What are the dimensions of the properties sold?
Most Units have either one or no carport. But almost all of them have one bathroom and one or two bedrooms. On average, duplexes have 3 bedrooms, 1 bathroom and 1 carport. Some apartments have more than 2 carports. When the data is examined closer, there are only 2 apartments with 4 carports.
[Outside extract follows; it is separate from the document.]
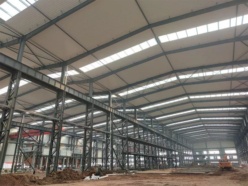 D'Stahlkomponente vum Lager, dorënner Trägere, Sailen, Klameren, an Dachstécker, ginn an engem Fabrécksëmfeld mat qualitativ héichwäerteg Stol prefabrizéiert. D'Komponente ginn op präzis Spezifikatioune fabrizéiert, fir datt se präzis a sécher an der Installatioun passen.
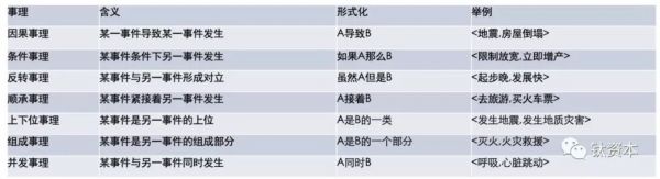 根据事件之间的关系划分,可以把事理划分为几类。一类是因果事理,占据了描述逻辑的80%左右,形式都是A导致B。除此之外,还包括条件、反转、顺承、上下位等类事理,每种都是人经常会使用的逻辑模式。

Both are actually single level penthouses.
#To breakdown the types of dwelling to find out its corresponding number of bedrooms, bathrooms and carport.
dimension_dwelling = pd.melt(property_list, id_vars = 'dwelling', value_vars = ['bedroom', 'bathroom', 'carport'], var_name= 'dimensions', value_name='number')
ax = sb.catplot(data = dimension_dwelling, x= 'dimensions', y= 'number', hue = 'dwelling', kind = 'box', height = 5, aspect = 3);
ax.set_titles('Type of Dwelling vs Dimensions');
ax.set_axis_labels('','Number of Rooms/Ports');
ax.set_xticklabels(['Bedroom', 'Bathroom', 'Carport']);
Which apartments have 4 carports?
property_list[(property_list['carport'] == 4)]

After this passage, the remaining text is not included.